Naane Varuven is a 1992 Indian Tamil language film, directed by Sripriya and produced by Girija. The film stars Rahman and Sripriya, with Rajani, Vagai Chandrasekhar, Vadivukkarasi, Gautami and Radhika in supporting roles. It is a spiritual sequel to the 1979 film Neeya?. The film was released on 27 February 1992.

== Plot ==
Story of Naga Rani is an Ichchadhari Snake.
Naga Rani realises that she was wrong and that her revenge destroyed many lives just like her own life was destroyed.
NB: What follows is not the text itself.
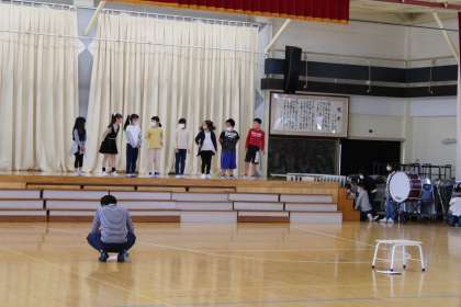 5年生は、グループに分かれてかおフェスの練習中です。3年生もかおフェスの練習中です。すみたん学級は、交流に行っているお友達以外で、マラフェスの練習です。

Her husband, who had been killed in Neeya, now taken rebirth in form of Raja.

Right from childhood, he had been out of town and he came to native and plans to marry his sweetheart Priya.
Dr.Radhika and Priya having known the attempts made by the Nagarani, tries to save Raja.

Nagarani need to consummate with Raja so as to regain her husband, which was prevented by Priya with the aid of Dr.Radhika.

However, Nagarani mocks them by taking appearance of Priya consummates, before Priya and Doctor arrives.

== Soundtrack ==
Music was composed by Shankar–Ganesh.

| Songs | Singers | Lyrics | Length |
| "Orey Jeevan Ondre" | S. P. Balasubrahmanyam K. S. Chithra | Panchu Arunachalam | 05:05 |
| "Pachamala Pennu Naan" | K. S. Chithra | Vaali | 04:51 |
| "Pogathey Ennai Thandi" | K. S. Chithra | 04:41 |
| "Orey Jeevan Ondre" – Female | K. S. Chithra | Panju Arunachalam | 04:59 |
| "Ketenamma" | S. P. Balasubrahmanyam, K. S. Chithra | Vaali | 04:06 |
| "Arambam Aagattum" | S. P. Balasubrahmanyam, K. S. Chithra | 05:03 |

== Reception ==
N. Krishnaswamy of The Indian Express wrote, "Though the plot moves like that of a mythological film for some time, it leaves that track and builds on excellent technical values (camera: Prasad Babu), background score (Shanker Ganesh) and screenplay (Sripriya) to enhance the dramatic highs of the script."